10.5. Exercises#

Exercise 10.1

If you have a signal \(x\) of length \(N\), and a filter \(h\) of length \(K < N\), the standard full-mode convolution \(h*x\) can be implemented by using circular convolution on zero-padded versions of \(x\) and \(h\), and trimming the results.

What is the minimal amount of padding (in terms of \(N\) and \(K\)) that must be applied to \(x\) and \(h\) for this to work?

Exercise 10.2

Starting from the example code in Filter Design and Analysis, experiment with different filter designs to improve the quality of low-pass filters with a cutoff of \(f_c=500\) Hz. In particular:

  • For window design filters, what combination of length (order) and window works best? (Try the following windows: hann, hamming, rect, blackmanharris)

  • For Parks-McClellan (Remez) filters, what combination of length and transition region width works best?
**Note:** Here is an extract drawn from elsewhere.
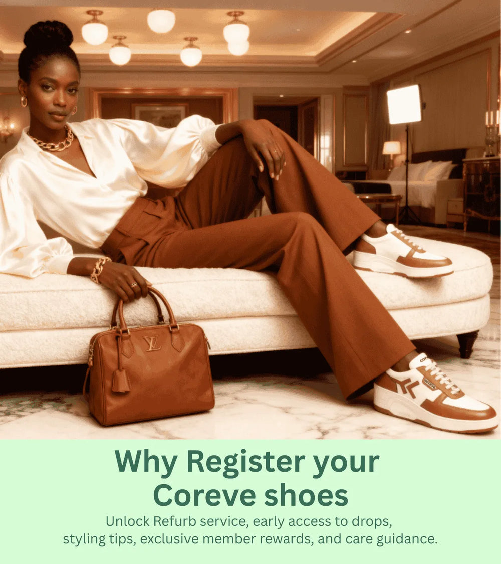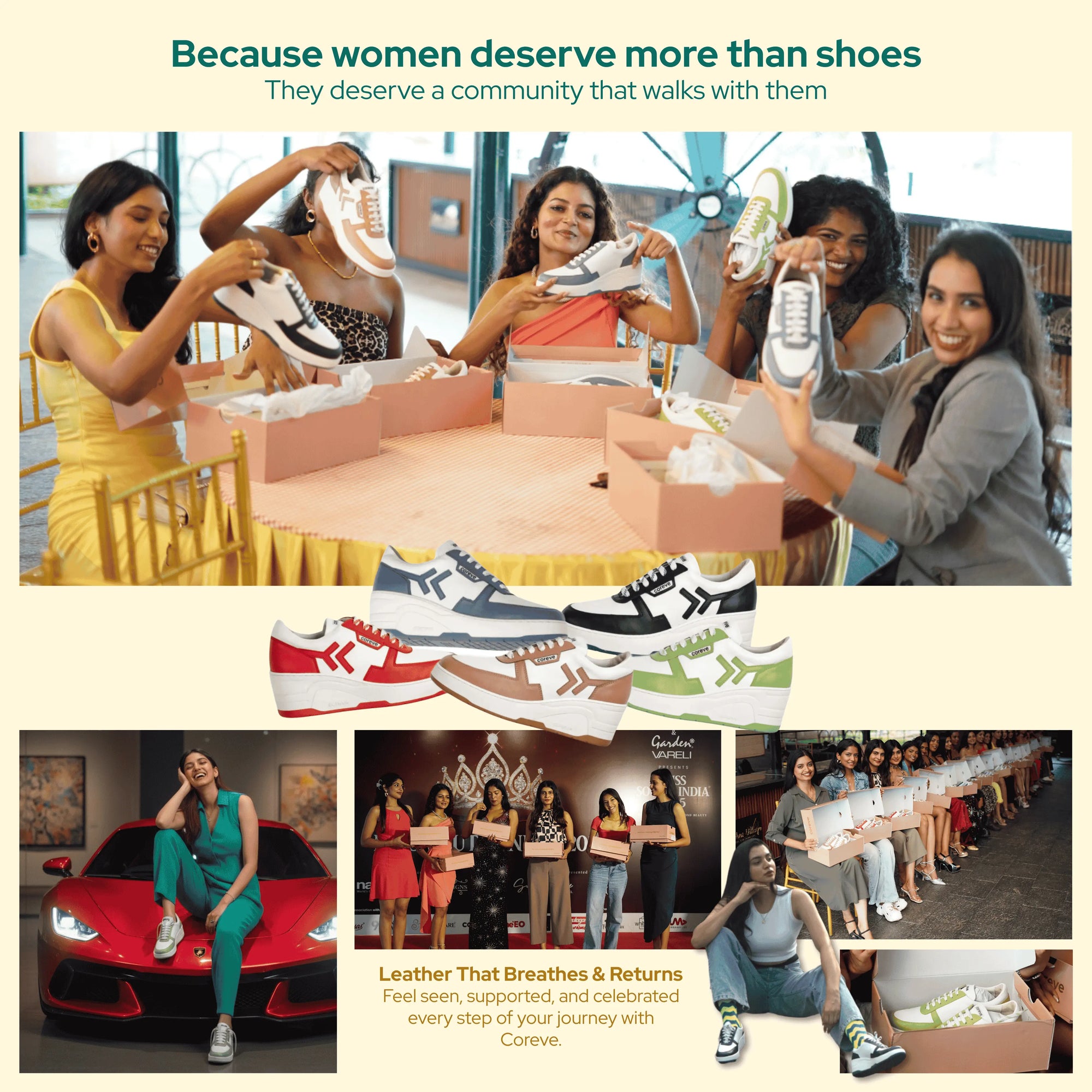 Queens Club ensures your Coreve sneakers stay beautiful for years — with Free refab care we ensure your Coreve experience stays as new as first timeMembers of our Queens club will also get exclusice access for early launches, rewards, cash-backs and access to community of women who move the world with you.Join to be part of something meaningful, lasting, and crafted with love.

  • Base your comparisons on both plots of the frequency response curves, as well as listening to the results on a signal of your choice.

Exercise 10.3

For each of the filters you tested in the previous question, compute the group delay \(G[m]\). Each filter will have linear phase in the pass band, but some may continue to have linear phase through the transition band, and possibly into the stop band! For each filter, determine the frequency at which the phase response becomes non-linear, and the corresponding frequency response (in dB) of the filter at that frequency, and collect your results in a table.

  • Which filter(s) retain linear phase at the highest frequency?

  • What about at the lowest response (in dB)?

  • What can this tell you about each filter’s perceptual quality?

Exercise 10.4

Prove the dual convolution theorem Corollary 10.1. Can you explain where the extra factor of \(1/N\) comes from?